3. Scale-up production of the resultant materials (once best variants had been selected and evaluated in desired applications) to a level and cost that would render them commercially viable.

Underpinning Research Outcomes

1. A library of composite silica-magnetite particles were successfully synthesized and produced on large scale.
2. Detailed understanding of their compositions and surface geometries and chemistries was obtained and how they could be chemically activated to amino-functionality in a controlled and measurable manner by treatment with aminosilanes.
3. Detailed knowledge of and ability to modify the particles surfaces with bioligands in a controlled fashion was obtained.

All basic and applied research was conducted between 2004 and 2011 at Kent, by the following key researchers (dates refer to period of employment at Kent):

• Prof Ian Bruce, 2004-2011, Head of Nanobiotechnology Group, University of Kent. Currently Emeritus Professor of Nanobiotechnology.
• Dr Tapas Sen, 2003-2008, Postdoctoral Research Assistant, Nanobiotechnology Group.
• Dr Stephen Bagshaw, 2005-2006, Postdoctoral Research Assistant, Nanobiotechnology Group.
• Dr Stefano Biagini, 1999 - present, Senior Lecturer in Organic Chemistry, Functional Materials Group.
• Dr Marion Van De Waterbeem, 2005-2009, , PhD student, Functional Materials Group and Nanobiotechnology Group, co-supervised by Prof Ian Bruce and Dr Stefano Biagini.
• Dr Antonio Sebastianelli, PhD student, Nanobiotechnology Group, supervised by Prof Ian Bruce.

The project has been used as an exemplar of European excellence in science meetings across the World by the European Commission. The project was recently nominated a success story for Europe (page 44):
http://ec.europa.eu/research/industrial_technologies/pdf/successful-eu-nanotech-research_en.pdf).
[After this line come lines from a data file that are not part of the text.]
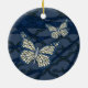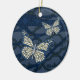 Patterns inspired by traditional Jewish mosaics and designs decorate the wings, body, and antennae of this monarch butterfly. "Peace" written in Aramaic script sits in the spots on the wings.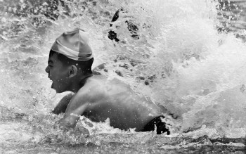 天气炎热,一名小朋友在水中嬉戏。 本报记者 张晓科 摄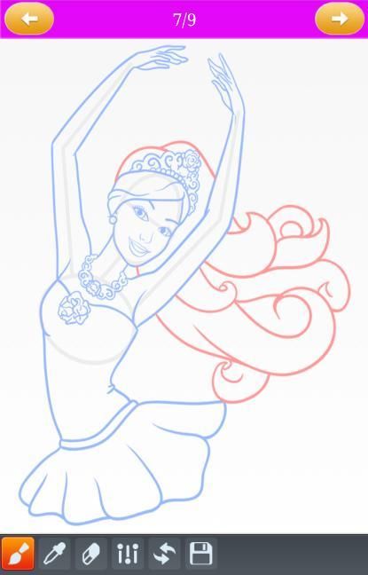 с этим приложением, вы будете учить вас, как рисовать ваши прекрасные куклы Барби символы (Барби, Alexa, Кен, Kristyn, Ньютон) и получить новые идеи для рисования для детей.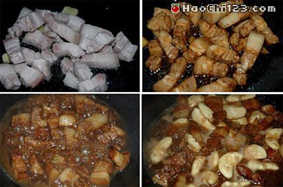 2、热锅下油,放姜片炒香,下沥过水的五花肉翻炒至出油。
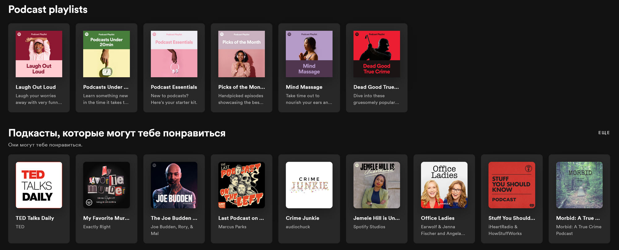 Кроме музыки, на платформе есть подкасты и концерты. Как и треки, их можно скачивать в офлай.

The 2011 report stated that "NACBO was a highly successful project that reached or exceeded all of its objectives... NACBO hit on a key that seemed to unlock a treasure box, namely that certain well- made and characterized materials, their surfaces and architectures possess the ability to be used almost universally in a very wide range of applications".

Subsequent fundamental research has been funded by two further European Commission nanotechnology grants, detailed in section 3.

References to the research

References [1], [2] and [6] best indicate the quality of the underpinning research):

Key competitive research grants

• EU FP6 Integrated Project "NACBO: Novel and improved nanomaterials, chemistries and apparatus for nanobiotechnology". €11.5 million, 13 partner 6 country consortium 2004- 2009. NMP4-CT-2004-500804 Led by Prof Bruce, University of Kent

• European Union FP6 Network "SELECTNANO: Development of multifunctional nanometallic particles using a new process - sonoelectrochemistry" 2005-2009 €3.3 million, 13 partner, 7 country consortium. Project Partner, (2^nd) Prof Bruce, University of Kent, €270K

• European Union FP6 Integrated Project "CHILL ON" 2006 - 2011 €15Million, 32 partner, 12 country consortium. Project partner (7^th), Prof Bruce, University of Kent, €807K

Details of the impact

Exploiting nanomaterials for drug delivery

The Kent research into nanoparticulate magnetite (described in section 2) laid the foundation for EryDel's (http://www.erydel.com/) preliminary studies into stability, functionality and delivery of iron base contrast agents using Erythrocyte ghosts.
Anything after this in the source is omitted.